● **How to complete this task**
Only the lines from the one with "講師の指導により、松、菊、青" through the end of the data below belong in the answer, restated word for word, pictures excluded.

● **Study material**

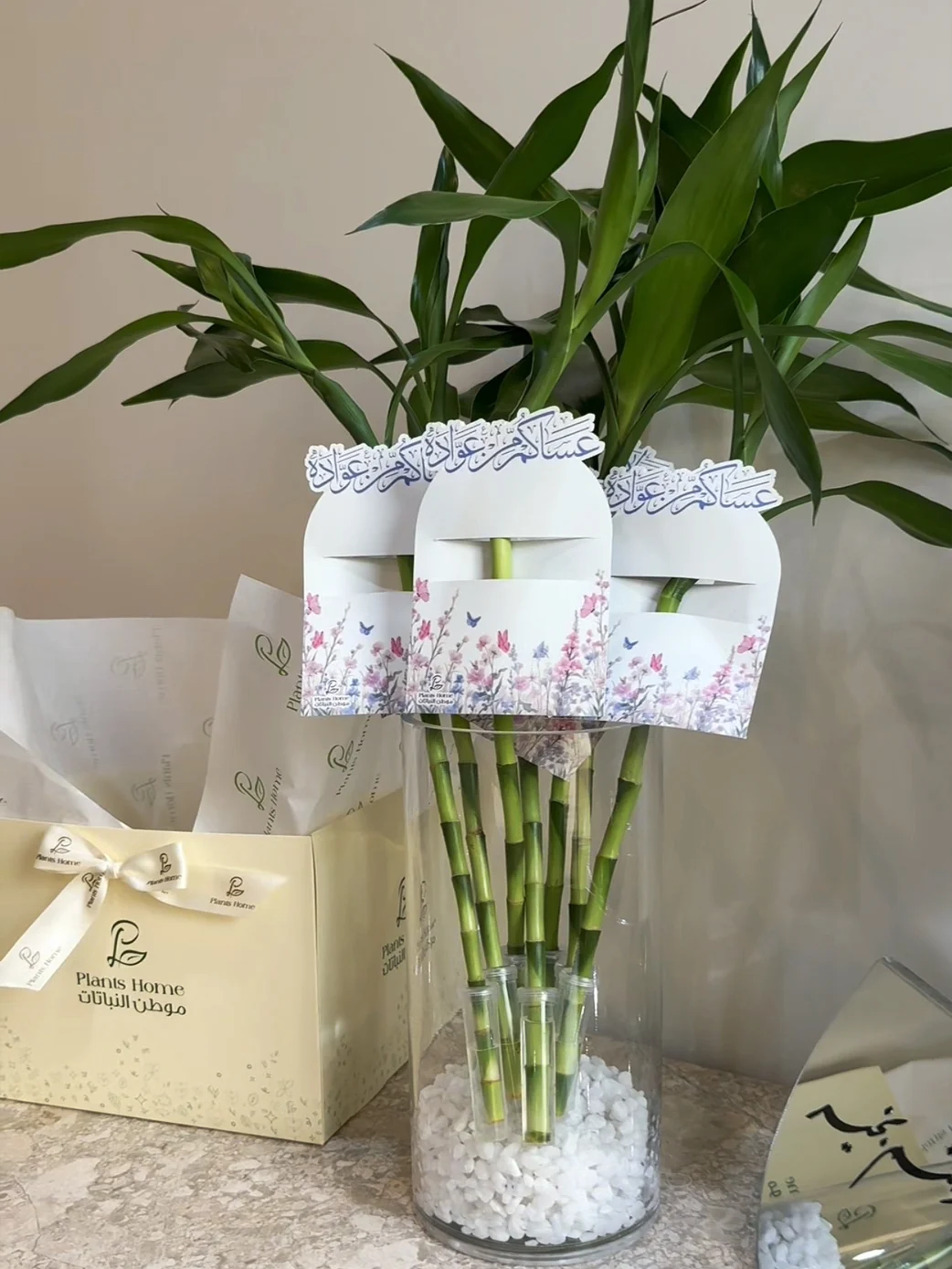 ✔ 6 سيقان بامبو طبيعية – نبات طويل العمر وسهل العناية، يرمز للحظ والنمو الإيجابي.
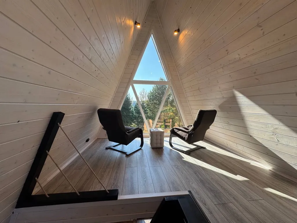 - Уютные коттеджи и дома в стиле афрейм, оборудованные всем необходимым для круглогодичного проживания.
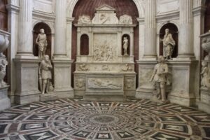 Spostandoci in Puglia, a Lecce il Vescovo Carafa nel 1763 fece demolire l’antico monastero delle Paolotte edificando l’attuale palazzo in stile barocco. Sulla facciata compare ancora oggi lo stemma della famiglia Carafa, mentre sui battenti del portale,ben visibili, i simboli araldici dei conti normanni che dominarono la città tra XI e XII secolo. Spostandoci leggermente più a nord la città di Martina Franca vanta il Palazzo Ducale fatto erigere proprio dai Caracciolo al posto del vecchio castello Aragonese. Il complesso è dotato di splendide stanze affrescate e di tele raffiguranti i ritratti dei potenti signori della città itriana e un grande atrio interno dove annualmente si svolge il Festival della Valle d’Itria. Nel Palazzo oggi si conserva l’antico archivio storico denominato, appunto, “Archivio Caracciolo-De Sangro”. L’altro importante archivio delle famiglie di nostro interesse è invece conservato, come per altri, presso l’Archivio di Stato di Napoli (Archivio Caracciolo di Melissano e di Scanno). Questo articolo, come ho già detto, non contempla come si dovrebbe l’eredità artistica e architettonica dei Caracciolo-Carafa, perché hanno lasciato la loro “firma” ovunque abbiano amministrato. In fin dei conti basta cercarli.
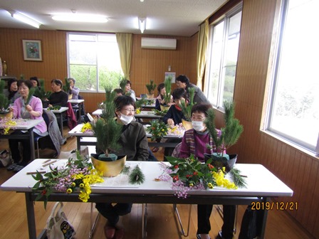 講師の指導により、松、菊、青もじ、千両、カスミソウ、オンシジュウムを使い、お正月用のアレンジ花を、「なるほど」「こーでいいだあか」「(花器の)おおめぐーに活けるだあ」などと言いながら、真剣に、賑やかに活けていただきました。
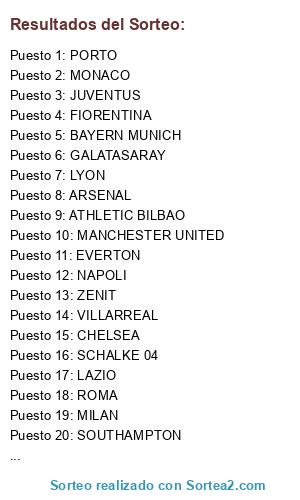 Resultados del sorteo:

● **Exercise answer**
 講師の指導により、松、菊、青もじ、千両、カスミソウ、オンシジュウムを使い、お正月用のアレンジ花を、「なるほど」「こーでいいだあか」「(花器の)おおめぐーに活けるだあ」などと言いながら、真剣に、賑やかに活けていただきました。
 Resultados del sorteo:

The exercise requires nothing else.